> _Assignment_:
Copy exactly the lines from the line holding "班长杨森浩通过幽默诙谐的语句" through the end of the material, and no others; pictures stay out.

> _Data section_:
=-=-=
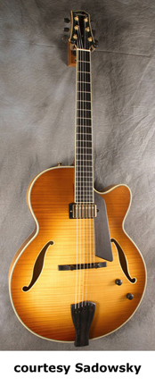 SADOWSKY | ELECTRIC ARCHTOP | A semi-hollow archtop guitar will be available soon ($3,495). | JIM HALL MODEL | - single cutaway archtop hollow body, five-ply premium flame maple top/back/sides, bound body, two bound f-holes, dovetail neck joint, maple neck, ebony fingerboard, three-per-side tuners, adj. ebony bridge, custom designed Sadowsky ebony tailpiece with string ground, raised ebony pickguard, custom hand-wound covered humbucker pickup, two knobs (v, tone), gold hardware, available in Carmel Sunburst, Sienna Sunburst, Vintage Amber, or Violin Sunburst finish, 24.75 in. scale, current mfg. |
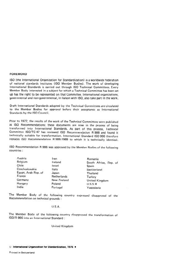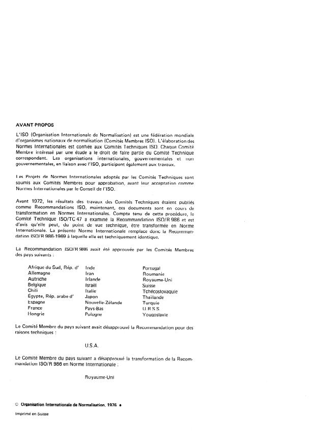 IS0 Recommendation R 986 was approved by the Member Bodies of the following
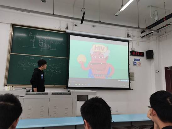 班长杨森浩通过幽默诙谐的语句,让同学们逐步了解传染病的传播途径以及危害。同时也通过一些有趣的短视频,增强了同学们的对传染病的了解。
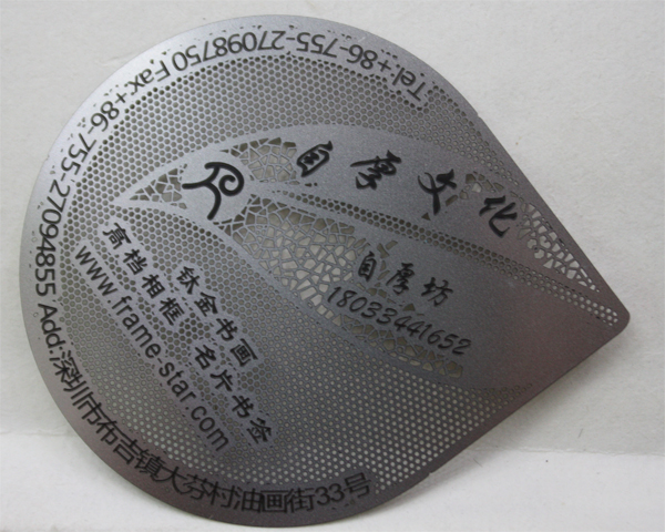 金属名片是透雕表现方式,以及具有丰富内涵的东方艺术语 言,在造型的疏密虚实、方圆顿挫、粗细长短的交织、变奏中,表现精巧入微、玲珑剔透的艺术效果!
=-=-=
> _Exercise response_:
 班长杨森浩通过幽默诙谐的语句,让同学们逐步了解传染病的传播途径以及危害。同时也通过一些有趣的短视频,增强了同学们的对传染病的了解。
 金属名片是透雕表现方式,以及具有丰富内涵的东方艺术语 言,在造型的疏密虚实、方圆顿挫、粗细长短的交织、变奏中,表现精巧入微、玲珑剔透的艺术效果!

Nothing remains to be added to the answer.